Ich habe in meiner ältesten Wohnung den größten Teil an Renovierungsstau beseitigen lassen. Dabei wurde ein kleiner Schimmelschaden beseitigt, Heizungsnischen geschlossen und neue Heizkörper eingebaut. Dadurch bleibt die Wohnung für meine aktuellen und zukünftigen Mieter attraktiv. Wirklich überraschend kam an dieser Stelle nur der Schimmelschaden, da mir der energetische Zustand der Wohnung bewusst war. Deshalb habe ich den Schimmelschaden genutzt, um auch die Renovierungsarbeiten zu beauftragen.

Ihr solltet gerade bei Schimmelschäden immer prüfen lassen, wer für den Schaden verantwortlich ist. Bei mir ergab die Prüfung, dass die Ursache mangelndes Lüften war. Dadurch konnte ich meinen Mieter an den Kosten beteiligen. Insgesamt steuerte er 500 € für die Reparaturen bei, wodurch die Belastung für mich auf 4.028,55 € sinkt.

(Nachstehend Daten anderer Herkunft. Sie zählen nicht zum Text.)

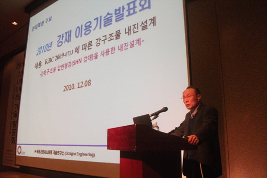 8일 현대제철이 삼성역 COEX 그랜드볼룸에서 개최한 '2010 강재이용 기술 발표회'에서 옥타곤엔지니어링 박대영 기술연구소장은 '건축구조용 강재(건축구조용 열간압연 H형강-SHN 400, SHN 490)와 내진설계 기술' 발표를 통해 일반 강재와는 다른 건축구조용 강재의 특이점과 이를 활용한 다양한 내진설계 기술에 대해 설명했다.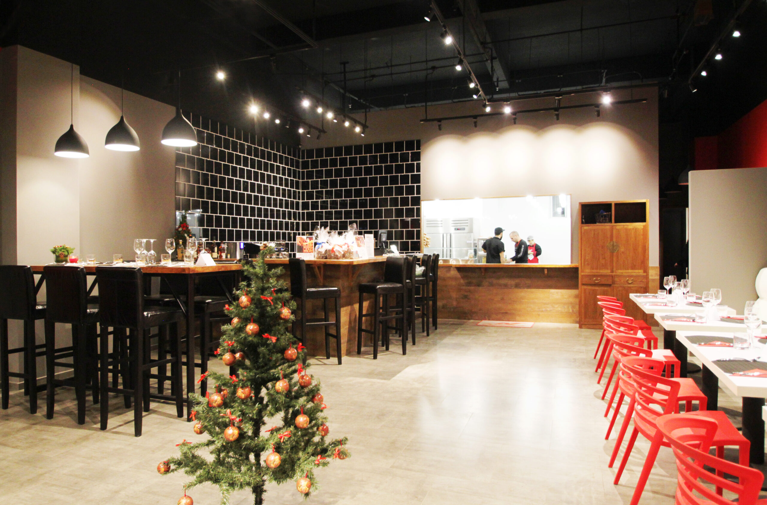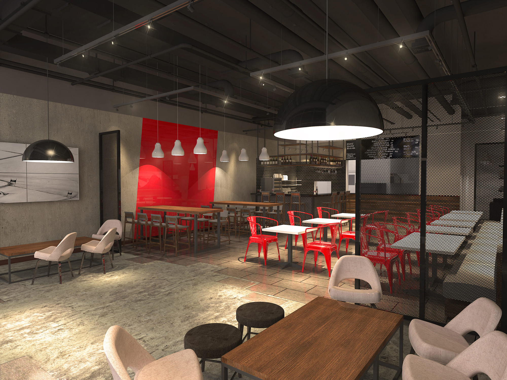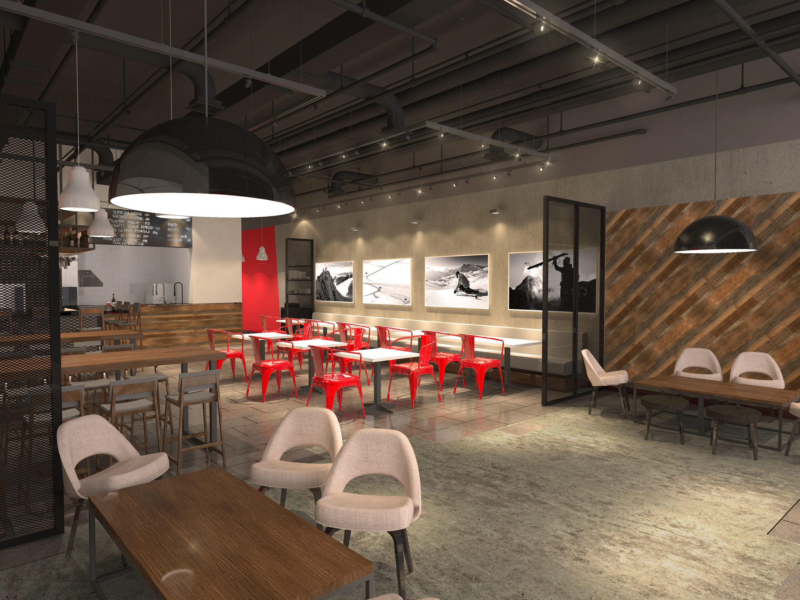 Nordica, the Italian ski equipment brand, made the decision to take its brand image to the next level by opening “Nordica Lounge”, a restaurant and lifestyle concept in the city of Chongli, Hebei province, a host for the Winter Olympics in 2022. Based on the concept of combining simplicity and high quality food two key elements of the design concept were developed, the Nordica bar and a large window into the kitchen that allows customers to observe the food preparation process. Inspired by the brand’s visual identity the color palette of the restaurant design incorporates only reds, greys and blacks, while featuring an abundance of natural textures such as wood and sandstone to create a warm cozy atmosphere. Further brand characteristics that were incorporated into the restaurant design were passion, quality, service and comfort.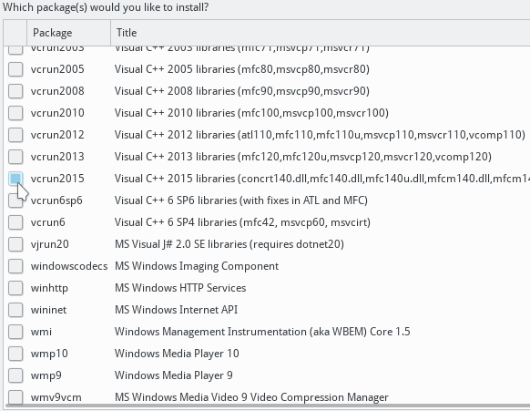 - Install vcrun2015 with winetricks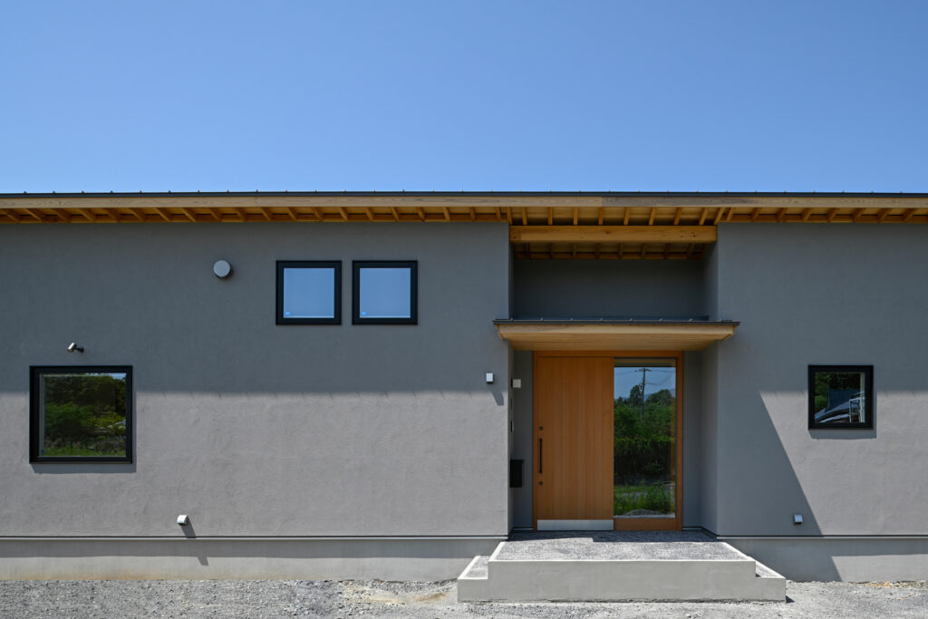 津山市の山裾に位置するSさん一家は、ご夫婦とお子さま3人の5人家族。自然に囲まれた環境で、子どもたちがのびのびと育つ場所を求めて、この地に住まいを構えました。山の稜線を背景に、建物が静かに佇む姿は、周囲の景色に溶け込むように計画されています。家族それぞれの時間を大切にしながら、ともに過ごす日々が、ここから紡がれていきます。

Nach den Renovierungsarbeiten beträgt der Kontostand meines Rücklagenkontos noch ca. 2.700 €. Mein Bausparvertrag, welchen ich monatlich mit 100 € bespare, verfügt mittlerweile über ein Guthaben von 3.400 €. Nur ausreichende Rücklagen können Euch vor derartigen Ereignissen schützen.

Überschuss und Zielerreichung

Mein Überschuss rutscht diesen Monat stark ins Minus und betrug -3.660, 37 €. Für die nächsten Monate erwarte ich wieder ein deutlich positives passives Einkommen. Persönlich plane ich mein passives Einkommen dieses Jahr soweit auszubauen, dass ich ab nächstem Jahr dauerhaft die 50 % Zielerreichung halten kann.